Wednesday was brutal for many, but damn I had fun. I got to move snow all day with our MX240 and 12' Blade. With bigger injectors and tons of weight, I could make it through a lot, but there was still quite a few drifts that kicked my ass.

We also had the loaner L70E Volvo out moving snow too, but it has concrete tires on it which are basically useless. Our L60E is getting a new transmission.

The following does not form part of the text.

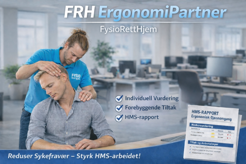 Vi leverer profesjonelle fysioterapi- og massasjetjenester direkte til arbeidsplassen. Våre tilbud er utviklet for å forbedre ansattes helse, redusere belastningsplager og bidra til lavere sykefravær og økt produktivitet i virksomheten.
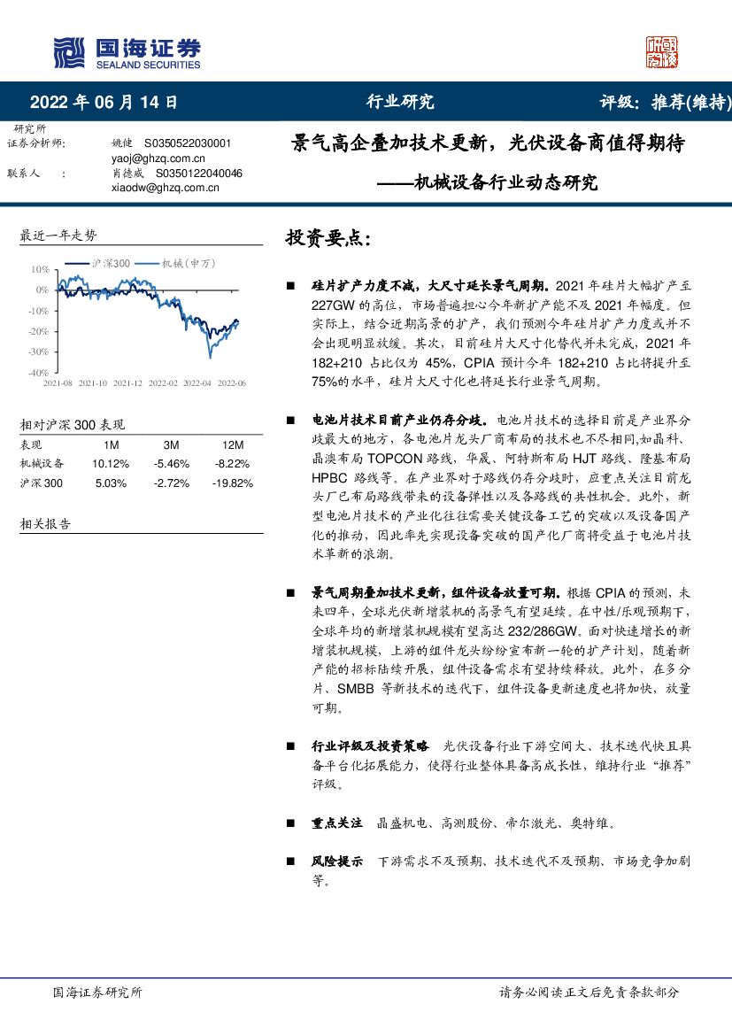 国海证券:机械设备行业动态研究:景气高企叠加技术更新,光伏设备商值得期待.pdf

The Dmax plow truck, was basically a nice lawn ornament, pretty much useless in this storm. We had 20" of snow, and the biggest drift I went through was over the cab of the tractor, but it was empty on the other side so I had somewhere to wing the snow otherwise I wouldnt have gotten through.

Heres a couple pics.











This is me trying to get into one of the farms we rent, Im about 10' in the driveway at this point. 












Heres a couple videos


----------



## Hoodoo Valley (Nov 14, 2006)

Wow. That's some serious snow pushing right there! Looks like visability at times can be pretty sketchy! Thanks for sharing those videos and thye stills! Where, by the way, are you located?


----------



## wjjones (May 28, 2010)

Now thats moving SNOW!! Thankyou for sharing those pics.


----------



## durallymax (May 17, 2010)

Located near Madison Wisconsin.


----------



## Hoodoo Valley (Nov 14, 2006)

What was it like today?


----------



## durallymax (May 17, 2010)

snowy a couple days ago


----------



## durallymax (May 17, 2010)

4" today. A week ago it was 70*


----------



## wjjones (May 28, 2010)

durallymax said:


> 4" today. A week ago it was 70*



Are you thawing out any yet??


----------



## durallymax (May 17, 2010)

all thawed out now rain through the weekend.


----------



## Hoodoo Valley (Nov 14, 2006)

Watched the videos again. Love the sound of that diesel!


----------



## ljeune (Jan 20, 2011)

Damm and I'm mowing grass in NC today.


----------



## TonyH (May 18, 2011)

I know this thread is old.. but my dream someday is sitting up in a cab Plowing Snow in a Tea Shirt.
How well does the defrosters work on the rear windows?


----------



## Thomas (Nov 1, 2006)

fan mounted in cab makes big differents.


----------